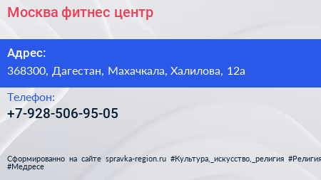 Москва, фитнес-центр по адресу 368300, Дагестан, Махачкала, Халилова, 12а в дальнейшем Организация, размещена в следующих категориях:
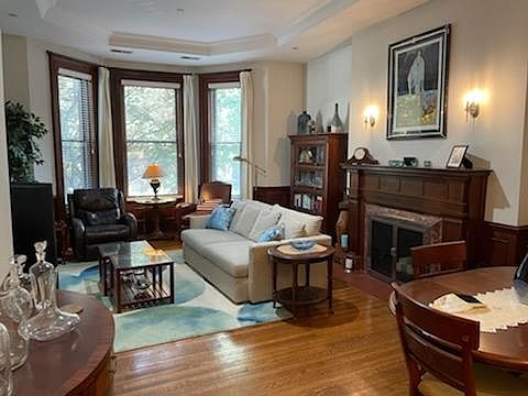 Entire second floor condo with two bedroom two baths in a very well kept brownstone on Beacon Street. The unit is renovated and boasts with lots of natural light, high ceilings with moldings, open floor plan with a dining-room area and a gorgeous bay window overlooking Beacon Street. The unit features central A/C, washer/dryer, granite counter tops, gas cooking, hardwood floors, marble bathrooms and a great deal! 12 months
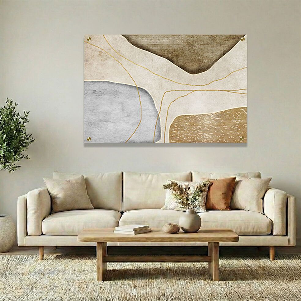 תמונה על זכוכית זו מציגה קומפוזיציה אבסטרקטית מרהיבה המשלבת צורות אורגניות גדולות בצבעים חום כהה, אפור-כחול, זהב ושמנת, המשתלבים יחד בהרמוניה עדינה. קווי זהב עדינים מתחברים לקומפוזיציה ומוסיפים אלמנט של יוקרה ועדינות. תמונה זו מדגישה את היופי שבשילוב צבעים וטקסטורות באווירה אמנותית וייחודית, ומתאימה מאוד לתמונות זכוכית לסלון היוצרות אווירה של מודרניות ואלגנטיות. ההדפסה על זכוכית מגבירה את העומק והברק של הצבעים, מה שהופך את תמונת הזכוכית הזו לפיסת אומנות עכשווית עם נוכחות מרשימה.
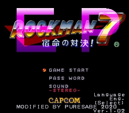 Rockman 7 EP is a complete romhack of Rockman 7 (NOT Mega Man 7). Expect all new (and some familiar) level designs, mid-boss battles, auto-scrolling sections, shop items, enemy and Robot Master attack patterns, weapon behaviors, and a lot more. It also enables in-game switching of weapons and adaptor.
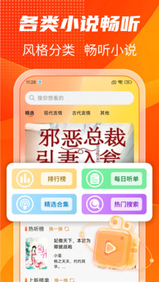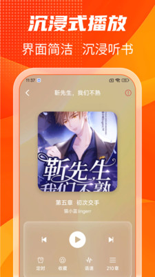 1、手机一键开启听书模式,海量正版小说随心畅听,高清音质搭配沉浸式播放,解放双眼尽享阅读乐趣。

→ **Problem to solve**: Where a record above contains a picture, leave the picture out and transcribe everything else exactly.

→ **Written reply**:
 Москва, фитнес-центр по адресу 368300, Дагестан, Махачкала, Халилова, 12а в дальнейшем Организация, размещена в следующих категориях:
 Entire second floor condo with two bedroom two baths in a very well kept brownstone on Beacon Street. The unit is renovated and boasts with lots of natural light, high ceilings with moldings, open floor plan with a dining-room area and a gorgeous bay window overlooking Beacon Street. The unit features central A/C, washer/dryer, granite counter tops, gas cooking, hardwood floors, marble bathrooms and a great deal! 12 months
 תמונה על זכוכית זו מציגה קומפוזיציה אבסטרקטית מרהיבה המשלבת צורות אורגניות גדולות בצבעים חום כהה, אפור-כחול, זהב ושמנת, המשתלבים יחד בהרמוניה עדינה. קווי זהב עדינים מתחברים לקומפוזיציה ומוסיפים אלמנט של יוקרה ועדינות. תמונה זו מדגישה את היופי שבשילוב צבעים וטקסטורות באווירה אמנותית וייחודית, ומתאימה מאוד לתמונות זכוכית לסלון היוצרות אווירה של מודרניות ואלגנטיות. ההדפסה על זכוכית מגבירה את העומק והברק של הצבעים, מה שהופך את תמונת הזכוכית הזו לפיסת אומנות עכשווית עם נוכחות מרשימה.
 Rockman 7 EP is a complete romhack of Rockman 7 (NOT Mega Man 7). Expect all new (and some familiar) level designs, mid-boss battles, auto-scrolling sections, shop items, enemy and Robot Master attack patterns, weapon behaviors, and a lot more. It also enables in-game switching of weapons and adaptor.
 1、手机一键开启听书模式,海量正版小说随心畅听,高清音质搭配沉浸式播放,解放双眼尽享阅读乐趣。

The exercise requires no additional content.